US 12,226,919 B2
	Device and method for training a machine learning model to derive a movement vector for a robot from image data
Oren Spector, Modiin Maccabim Reut (IL); Dotan Di Castro, Haifa (IL); and Vladimir Tchuiev, Haifa (IL)
Assigned to ROBERT BOSCH GMBH, Stuttgart (DE)
Filed by Robert Bosch GmbH, Stuttgart (DE)
Filed on Feb. 27, 2023, as Appl. No. 18/174,803.
Claims priority of application No. 10 2022 202 142.8 (DE), filed on Mar. 2, 2022.
Prior Publication US 2023/0278227 A1, Sep. 7, 2023
Int. Cl. G06T 7/70 (2017.01); B25J 9/16 (2006.01)

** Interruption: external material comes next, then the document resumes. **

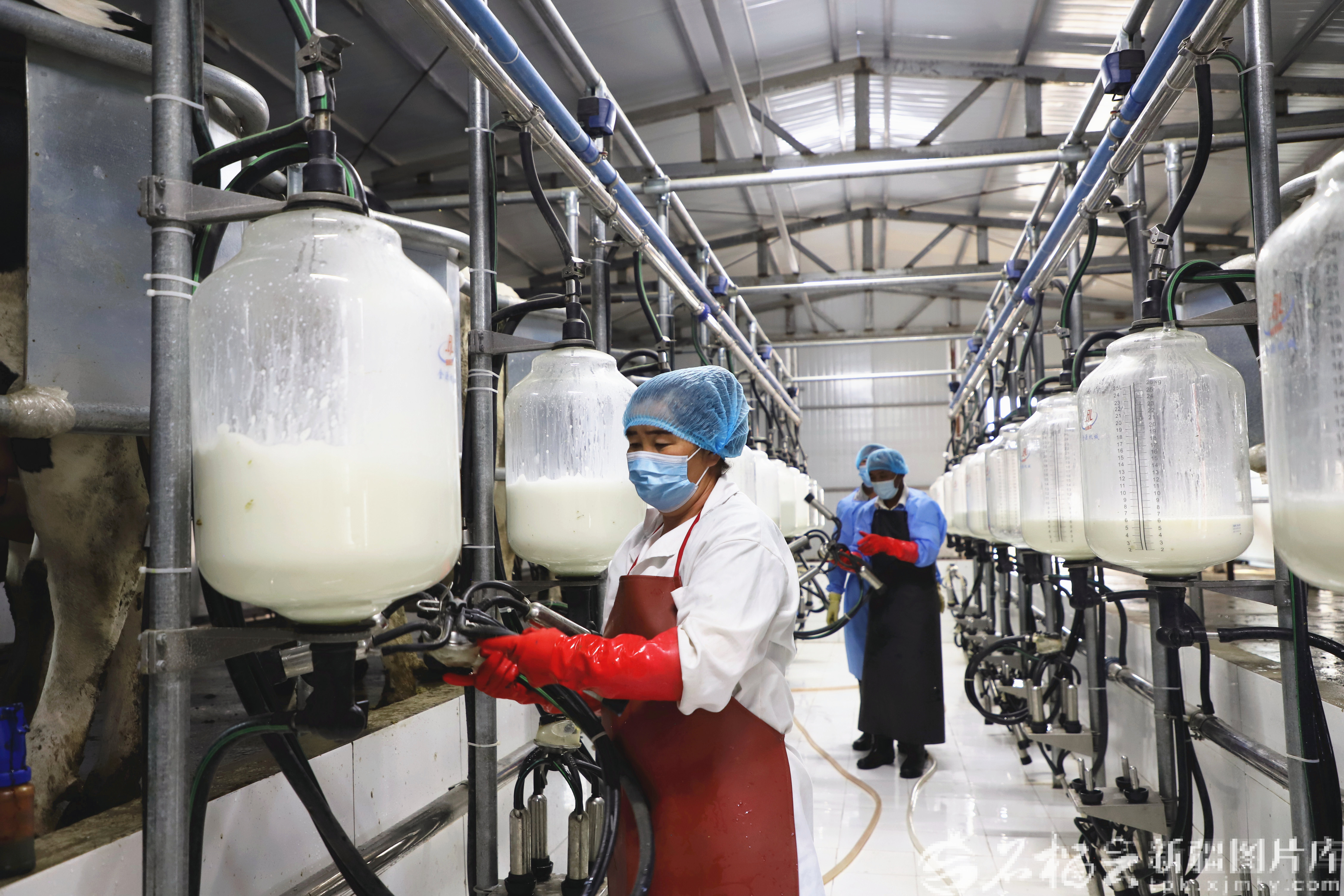 1月5日,在阿合奇县苏木塔什乡克孜勒宫拜孜村奶牛养殖基地,工人们在挤奶车间操作设备。古丽加马力·艾萨摄

CPC B25J 9/1697 (2013.01) [G06T 7/70 (2017.01); G06T 2207/20081 (2013.01); G06T 2207/20084 (2013.01)]

8 Claims

1. A method for training a machine learning model to derive a movement vector for a robot from image data, comprising the following steps:

acquiring images from a perspective of an end-effector of the robot;

forming training image data elements from the acquired images;

generating augmentations of the training image data elements to form augmented image data elements;

training an encoder network by a first training set of image data elements including the training image data elements and the augmented image data elements using contrastive loss, wherein, for each image data element of the first training set, another image data element is a positive sample when the other image data element is an augmentation of the image data element, and is a negative sample otherwise; and

training a neural network from training data elements of a second training set, wherein each training data element of the second training set includes at least one respective image data element and a respective ground truth movement vector, wherein the training is by feeding, for each training data element, the at least one image data element to the trained encoder network, inputting an embedding output provided by the encoder network in response to the at least one image data element, and training the neural network to reduce a loss between movement vectors output by the neural network in response to the embedding outputs for the training data elements and the respective ground truth movement vectors for the training data elements.